# PyTorch Tutorial: Model Deployment and Production

Training a model is only half the battle. To use it in the real world (in a mobile app, a web server, or an embedded device), you need to **deploy** it. This often means optimizing it for speed and portability.

## Learning Objectives
- Understand **TorchScript** (Tracing vs Scripting)
- Export models to **ONNX** (Open Neural Network Exchange)
- **Quantization**: Making models smaller and faster
- Measure Inference Speed (Benchmarking)

## 1. Vocabulary First

- **Inference**: Using a trained model to make predictions (no backprop).
- **Latency**: Time taken to process one input (lower is better).
- **Throughput**: Number of inputs processed per second (higher is better).
- **Serialization**: Saving a model to a file so it can be loaded anywhere (even in C++).
- **Quantization**: Reducing the precision of numbers (e.g., 32-bit float -> 8-bit integer) to save memory and compute.

In [None]:
import torch
import torch.nn as nn
import time
import os

# Let's use a simple model for demonstration
class SimpleModel(nn.Module):
    def __init__(self):
        super(SimpleModel, self).__init__()
        self.fc1 = nn.Linear(10, 50)
        self.relu = nn.ReLU()
        self.fc2 = nn.Linear(50, 2)

    def forward(self, x):
        return self.fc2(self.relu(self.fc1(x)))

model = SimpleModel()
model.eval() # Important! Set to eval mode for deployment
example_input = torch.randn(1, 10)
print("Model created.")

## 2. TorchScript: Tracing vs Scripting

TorchScript allows you to serialize your models and run them in a C++ runtime (no Python needed!).

### Method A: Tracing
Runs the model with a dummy input and records the operations. Fast and easy, but fails with dynamic control flow (if/else).

```python
traced_model = torch.jit.trace(model, example_input)
traced_model.save("traced_model.pt")
```

### Method B: Scripting
Analyzes the Python source code to compile it.
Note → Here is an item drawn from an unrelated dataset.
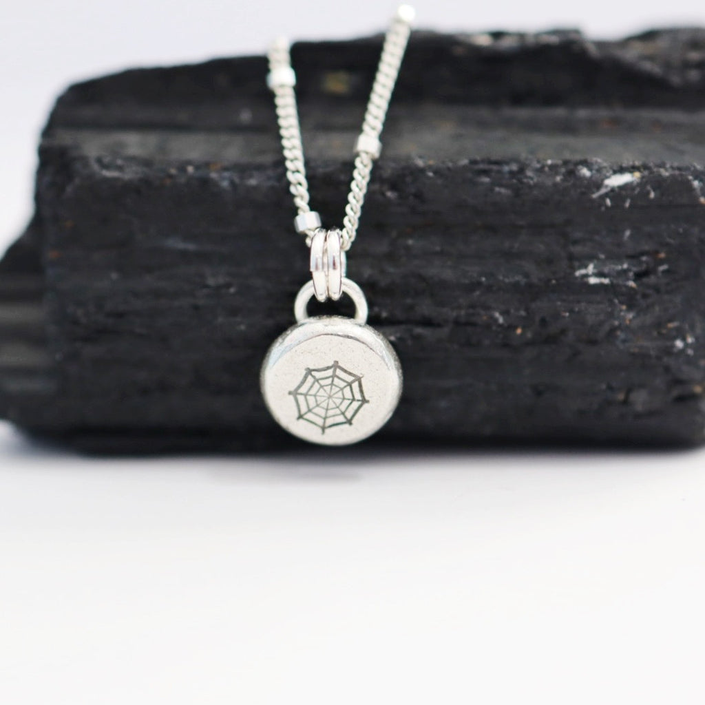 Spider Web Stamped Sterling Silver Necklace / Ready to Ship

Handles if/else loops correctly.

```python
scripted_model = torch.jit.script(model)
scripted_model.save("scripted_model.pt")
```

In [None]:
# Try Tracing
traced_model = torch.jit.trace(model, example_input)
print(traced_model.code) # You can see the internal representation

# Verify it works
output_orig = model(example_input)
output_traced = traced_model(example_input)
assert torch.allclose(output_orig, output_traced)
print("Tracing successful!")

## 3. ONNX Export

ONNX is a standard format supported by many frameworks (TensorFlow, PyTorch, MATLAB, etc.). It's great for deploying to edge devices or using specialized runtimes like ONNX Runtime.

```python
torch.onnx.export(
    model, 
    example_input, 
    "model.onnx",
    input_names=['input'],
    output_names=['output']
)
```

In [None]:
torch.onnx.export(
    model, 
    example_input, 
    "simple_model.onnx",
    input_names=['input'],
    output_names=['output']
)
print("Exported to simple_model.onnx")

## 4. Quantization (Making it smaller)

We can convert weights from Float32 to Int8. This reduces model size by 4x and speeds up inference on supported hardware.

### Dynamic Quantization
Quantizes weights ahead of time, but activations are quantized dynamically at runtime. Good for LSTMs/Transformers.

In [None]:
quantized_model = torch.quantization.quantize_dynamic(
    model, 
    {nn.Linear}, # Layers to quantize
    dtype=torch.qint8
)

print(f"Original Size: {os.path.getsize('traced_model.pt')/1024:.2f} KB")
# Note: For this tiny model, overhead might make it larger, but for large models it helps.
torch.jit.save(torch.jit.trace(quantized_model, example_input), "quantized_model.pt")
print(f"Quantized Size: {os.path.getsize('quantized_model.pt')/1024:.2f} KB")

## Key Takeaways

1. **Always `model.eval()`** before exporting.
2. Use **TorchScript** for C++ production environments.
3. Use **ONNX** for cross-platform compatibility.
4. Use **Quantization** to reduce size and latency.